Swimming pools may not be your thing, but your industry has its secrets. Expose all the closet-dwelling skeletons you can find and you’ll never run out of incredible content ideas. 

2. What does nearly everyone disagree with you about?

This one comes to you from Peter Thiel, billionaire founder of Paypal and super-smart Facebook investor. He uses this question to get entrepreneurs thinking about world-changing business ideas … and it works.

The question is designed to mine your brain for disruptive and uncomfortable ideas that challenge the status quo. By answering it, you’ll water the niggling seeds of doubt you have about concepts commonly accepted as fact in your industry.
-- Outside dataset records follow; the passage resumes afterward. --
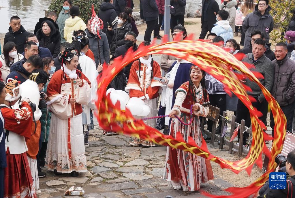 1月23日,演員在盱眙第一山歷史文化街區甩龍。
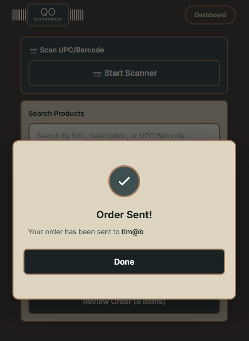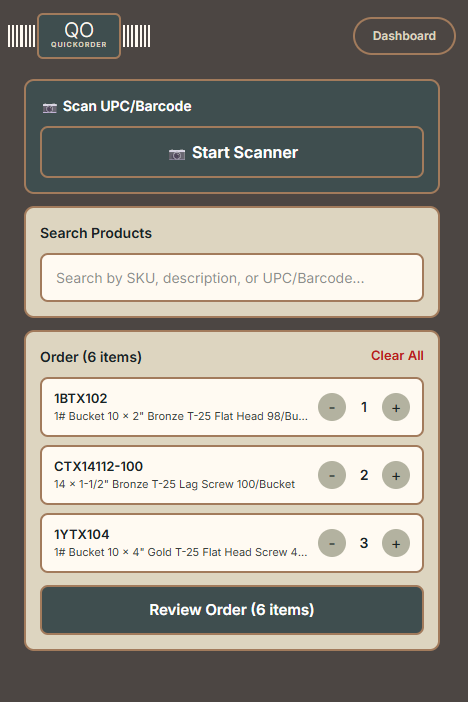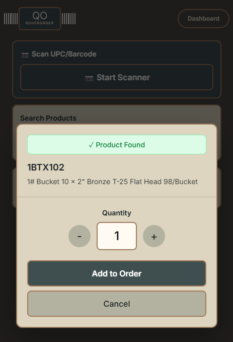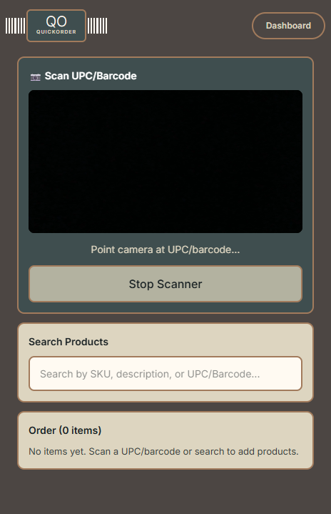 Open QuickOrder on your phone and tap Start Scanner. Aim at any product barcode and it reads instantly. No app to download.
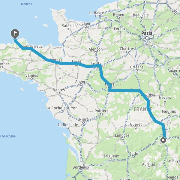 Prendre à droite et rejoindre A85 E604. Continuer sur 105 kilomètres
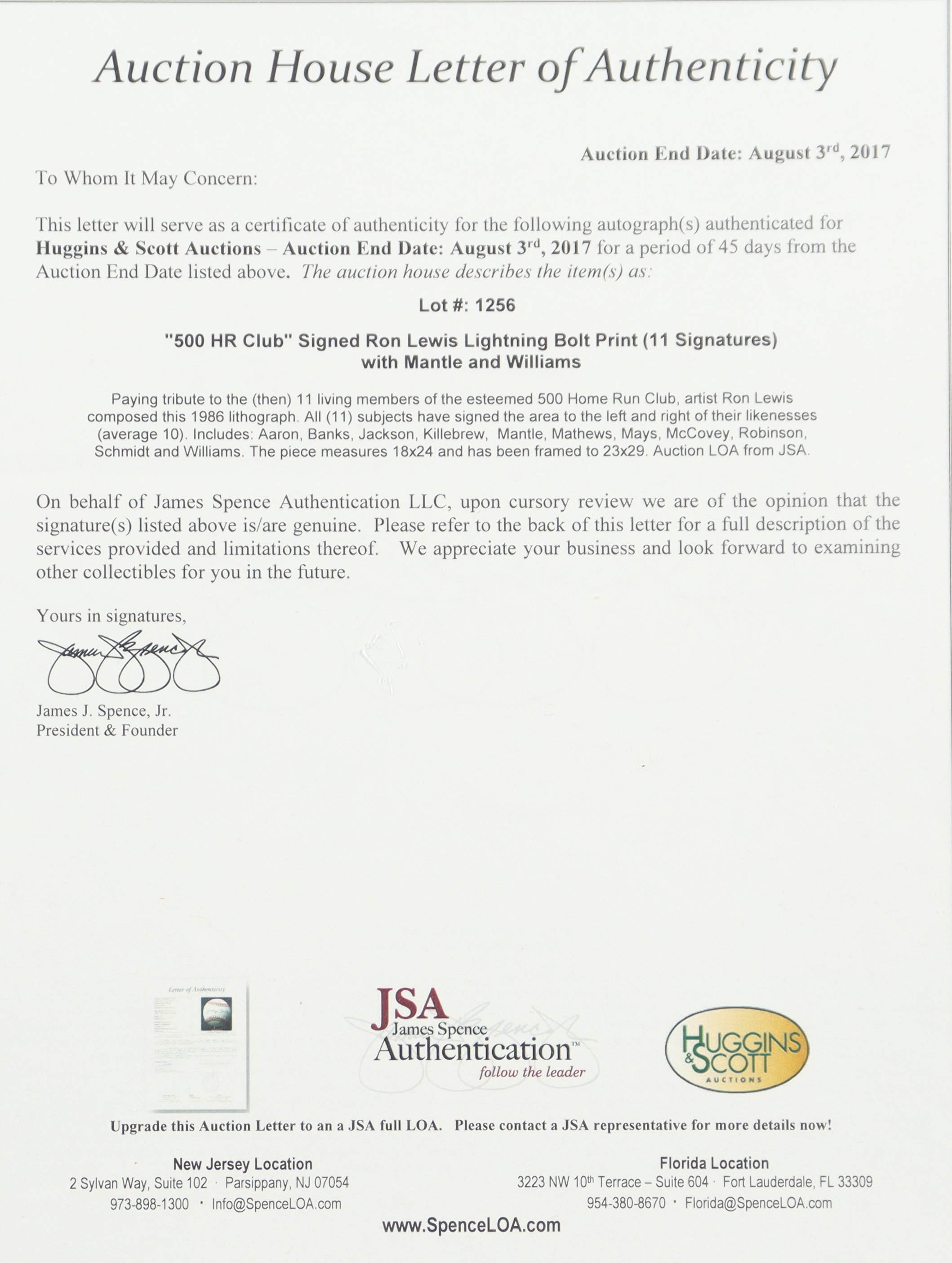 The photo includes a James Spence Authentication (JSA) Auction House LOA for authenticity purposes.
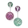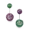 Original pair of ear pendants "Openwork spheres" in titanium entirely paved with tsavorites, pink sapphires (one missing) and small diamonds, attachments in 18k grey gold (750‰)
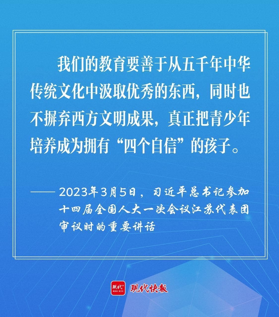 2023年3月5日,習(xí)近平總書記參加十四屆全國人大一次會議江蘇代表團審議時,勉勵教育工作者“要善于從五千年中華傳統(tǒng)文化中汲取優(yōu)秀的東西,同時也不摒棄西方文明成果,真正把青少年培養(yǎng)成為擁有‘四個自信’的孩子?!?/p>
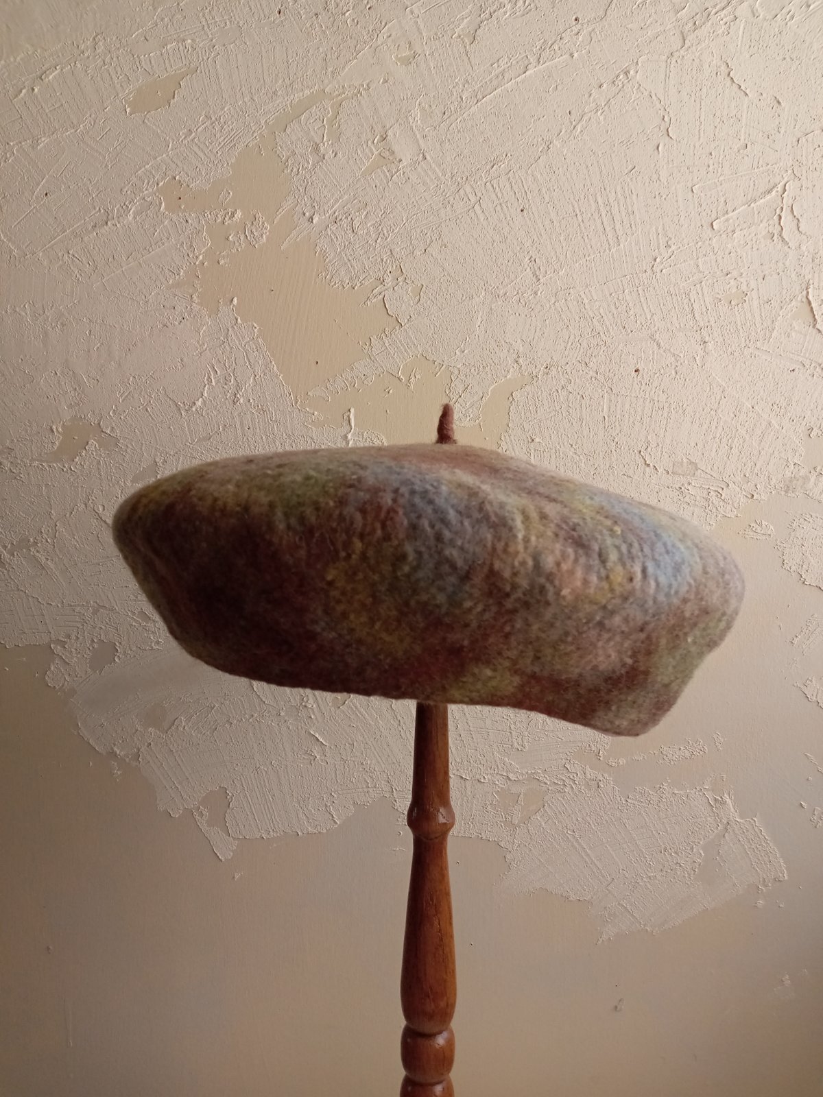 イギリスメリノウール草木染もこもこベレー★1点物作品★
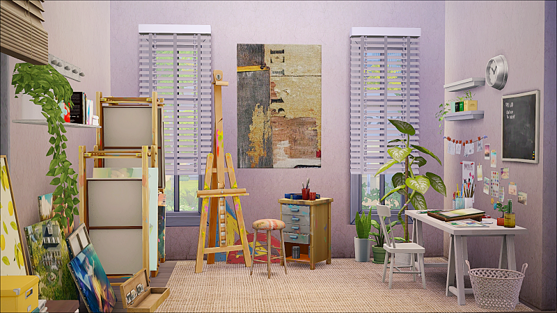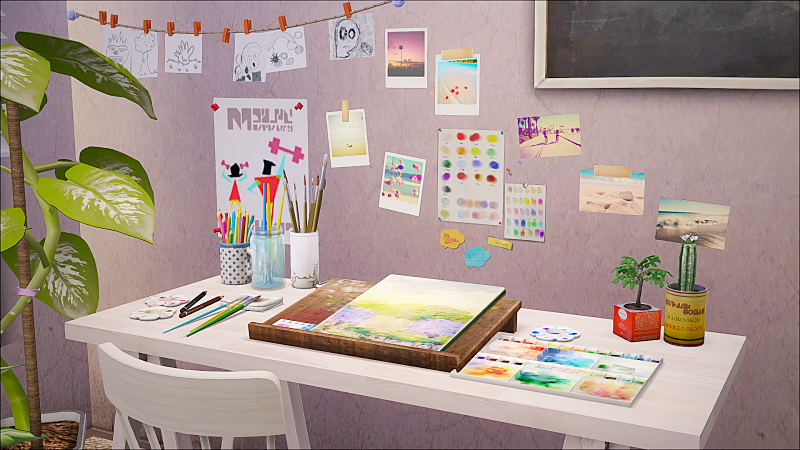 美術系の学校に通っている女の子の部屋。
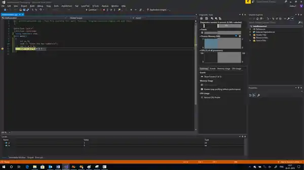 Now debug the program. When the specified line is reached, the program stops. Here’s how Visual Studio looks during this step for an example program:
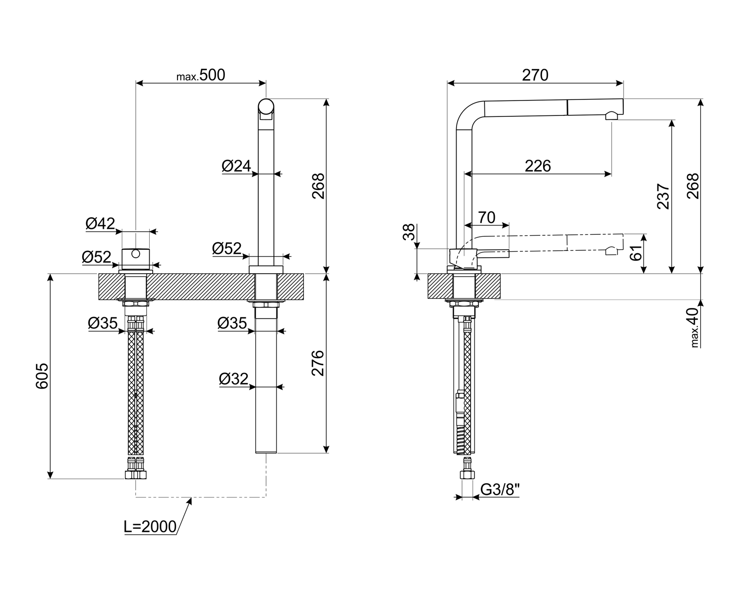 Смеситель утапливаемый в столешницу

Soon you’ll have grown a full-fledged content rebellion that says otherwise, and readers will flock to your flag.


Your audience will instantly identify you as rebel who doesn’t hold anything back. Question the unquestionable, and everyone pays attention — just like when I wrote a post about Why Lifestyle Design Will Make You Miserable

Don’t be afraid that adopting a strong controversial stance will make you look stupid. You don’t even always have to be right. In fact, being bold and occasionally wrong wins you a lot more attention than being boring and always right. 

In the event that someone vehemently contradicts you, simply thank them for contributing and remind them that dialogue makes us all smarter. After all, a public argument is fabulous publicity.

3. What do you believe will happen in the future that other people consider impossible or unlikely?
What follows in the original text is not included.